With authentic family, friends and work environment you don’t have to fear your emotional reaction (remember to be appropriate though). They know and you know that this argument or disagreement is just purifying and clearing things. You come to meet each other more authentic, you come to know each other deeper. Once you are that trusting that you are able to argue with someone you in fact show them that you are trusting them not to leave you even at their “weakest” moment. Weakest meaning that they might have this emotional reaction due to their immaturity, or misconceived perception (like victim-hood, guilt etc.). You trust that other part so much that you don’t fear of loosing them or their love. This authenticity will boost yours or their or both of your self-confidence and your need to be accepted, admired or honored.

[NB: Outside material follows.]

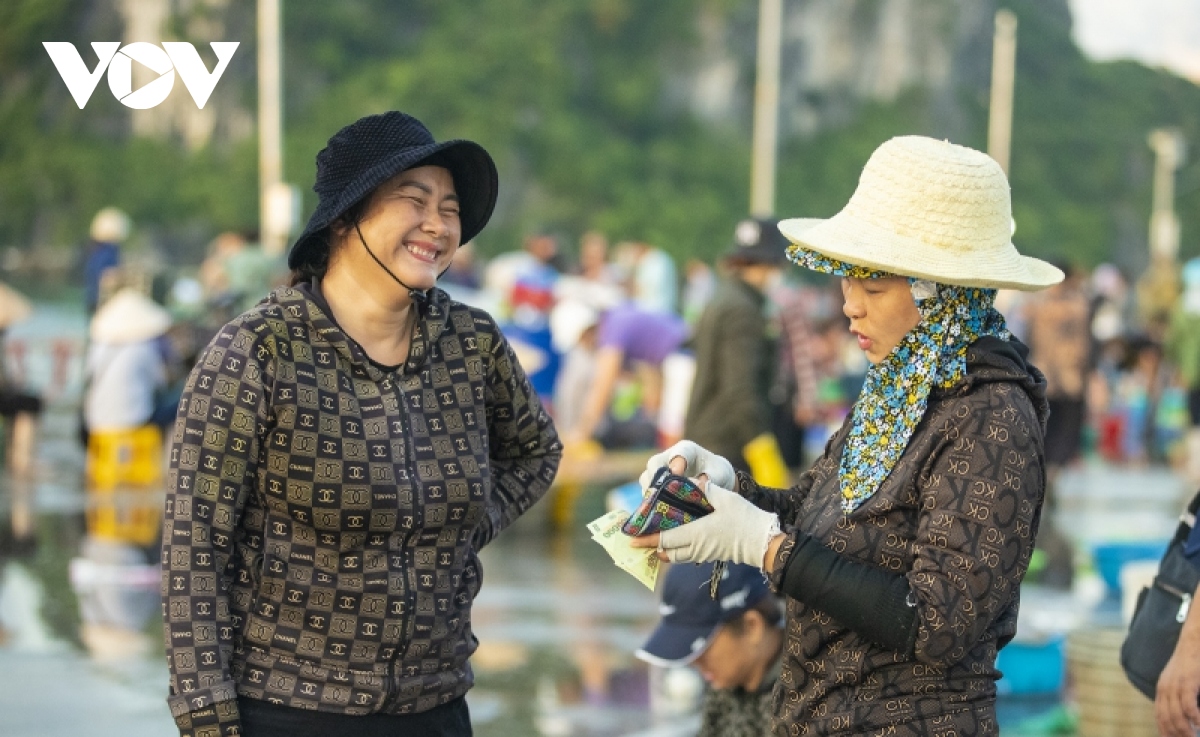 Giá cả phải chăng và chất lượng hải sản tươi ngon, đậm đà nức tiếng cũng thu hút nhiều người dân, du khách tới đây, vừa mua được đồ tươi, vừa tham quan, trải nghiệm không khí phiên chợ sớm. |

In fact these are the principles of a true mature parent/friend/co-worker. Because authentic loving parent/friend/co-worker will not please you, they will not do things for you if you are capable to do them for yourself. Their support will help you to find your confidence if you fall. Their trust in you will help you to trust yourself when you lose trust in yourself. They will tell straight if they see something you do or are about to do is not healthy (be discerning with this though). Know when they mean the best for you and know when they are trying to manipulate (if they are not mature parents/friends/co-workers). You will know who they are, if in general they behave supportive, loving, coaching/guiding ways. You know that your best of interest is their best of interest too. You know it from the ways how they listen and try to ask questions to give you best possible coaching and guidance they are able to. Their thought process becomes transparent to you. True parent/friend/co-worker or any authentic partner you have will reveal their authenticity by admitting they are not perfect and ask for forgiveness when they have been rude, shouted, argued or even disappointed you. That is true compassion and empathy. They are true to themselves and true to you.
Let’s mature! We got this lifetime now, let us not repeat our ancestral destructive ways to educate ourselves, our children or our partners in life. We are the change. This is our time to make it happen.